# Corn on the cob



## Jetta (Mar 26, 2009)

Do anyone else dogs love corn on the cob or is out pup just an odd little fella lol?

We discovered this when at KFC drive through, I'd eaten my corn and he was doing the puppy dog eyes thing so I offered it to him and he sat for ages untill he'd stripped it bare. Now we give him one with half the corn left on and he loves it so much.

I figured it's ok for him to have anyone disagree? It's soft and juicy but the cob is tough without being brittle so I think it must be fine and he honestly totaly loves it. He probably doesn't get a great deal from it but then niether do we really, it's still yum though and does have vitamins and nutriants still.

It's just not something you'd not imagine being one of a dogs favorate treats but he loves them.

P.S. We finaly chose his name too, Loki


----------



## huskyluv (Oct 24, 2008)

I wouldn't feed corn to a dog since they can't digest corn. At best it will go right through them with no problems, but it could cause stomach upsets, diarrhea, etc in the process, not to mention it will be hard on their digestive system trying to process a load of food that they really can't digest.


----------



## jeanie brown (Jan 5, 2009)

dodge likes corn on the cob to and he hasent had a problem so far


----------



## Jetta (Mar 26, 2009)

We can't digest it any better than they can though either but we'd still feed it to our children. We only let him chew the cob at first then left a little corn and then a little more he's never had any problems. Just wondered if anyone knew an actual reason it would be a bad food like chocolate and such. I'm not one for fretting really unless there's a real reason too I guess I live quite back but I love finding new things he enjoys. He also loves salmon but has only small amounts of that at a time so far. Roast chicken is a clear face too but of course never bones.

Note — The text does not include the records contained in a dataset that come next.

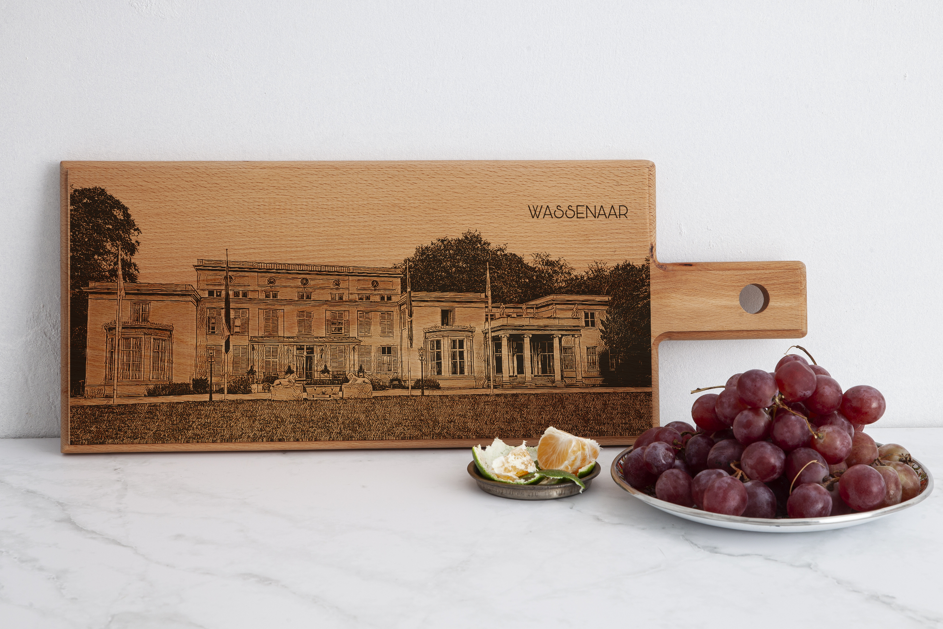 Each board is individually handmade and engraved, making every piece unique. The refined illustration captures the grandeur of Raadhuis De Paauw—one of Wassenaar’s most iconic landmarks—and transforms this board into a meaningful keepsake or a sophisticated decorative accent.
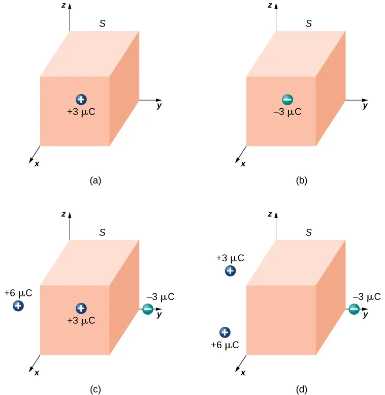 To równanie obowiązuje dla ładunków dowolnego znaku, ponieważ zdefiniowaliśmy wektor powierzchni jako skierowany na zewnątrz powierzchni zamkniętej. Jeżeli otoczony ładunek jest ujemny, zobacz Ilustracja 6.16 (b), wtedy strumień zarówno przez , jak i jest ujemny.
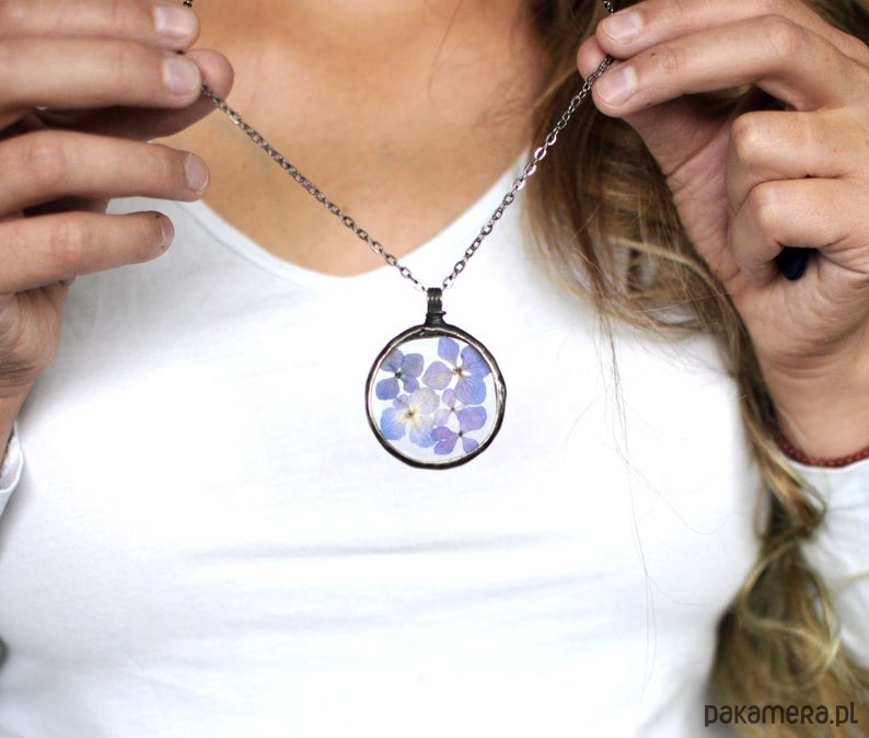 W naszyjniku zostały zamknięte jaskry, wrzos i inne.

What other foods do everyone's Chi's love?


----------



## huskyluv (Oct 24, 2008)

It's not a bad food, as in it won't cause health problems or get your dog sick. I just put that out there in case you or anyone else did not know. Btw, people can digest corn better because we can break down plant cell walls, dogs' digestive systems can't.

If you dog does not have any bad reactions to it then it really is a personal choice. I prefer to only give my dog foods that are beneficial to them, but I realize that it is only my personal choice and I am not forcing my opinions on anyone.


----------



## Jetta (Mar 26, 2009)

huskyluv said:


> It's not a bad food, as in it won't cause health problems or get your dog sick. I just put that out there in case you or anyone else did not know. Btw, people can digest corn better because we can break down plant cell walls, dogs' digestive systems can't.
> 
> If you dog does not have any bad reactions to it then it really is a personal choice. I prefer to only give my dog foods that are beneficial to them, but I realize that it is only my personal choice and I am not forcing my opinions on anyone.



Uh ok lol


----------



## Vicki (Mar 4, 2009)

Arabella LOVES corn...she gets a bit when we have it and she has never had a problem. Yes it comes out looking the same as it went in.....but hey....she is healthy and happy and she loves it!


----------



## roughhouse (Mar 1, 2009)

I had a mixed breed dog once that loved corn on the cob. She would chew on the cob for hours. It would give her diarrhea once in a while but it didn't stop her from loving it.


----------



## KayC (May 3, 2005)

I love corn but I can't eat it, it tears up my tummy. So I don't give it to oey either.


----------



## rcj1095 (Mar 4, 2009)

My last mini doxie, Romeo (RIP), was crazy for corn. He would wait until someone left the room or find any opportunity to get to their plate and he would go bury that corn anywhere he could. He loved it!!! We never really gave it to him but never really disciplined him either when he did it. We were too busy laughing and taking pictures.


----------



## Yoshismom (Jul 6, 2005)

I had a corn cob get stuck in my Doberman's throat and it almost killed him. I too have heard that it isnt the best for them because of digestive issues and also so many can have allergies from it. In fact I want feed any dog food that has corn in it. That is one reason you do not see it in premium dog foods;-) But as said above to each their own..Just a few FYI's


----------



## guest185 (Oct 27, 2008)

I researched this the other week because i'd given them a wee bit and then panicked. All I found out is that the cob has caused serious problems for many dogs - but the corn is ok, but not great to give xx


----------



## rcj1095 (Mar 4, 2009)

I've had enough vet bills, I'll play it safe rather than sorry. Thanks for the info. girls.


----------



## Kioana (Mar 1, 2005)

the only time mine have had corn, was when my uncle made some beef stew and it had corn in it. but other than that we don't give them too much people food unless it's heathly or left over meat


----------



## sharon_joh (Apr 19, 2009)

My Peanut eats anything!!! He loves vegetables, cauliflour, carrots, peas all of them.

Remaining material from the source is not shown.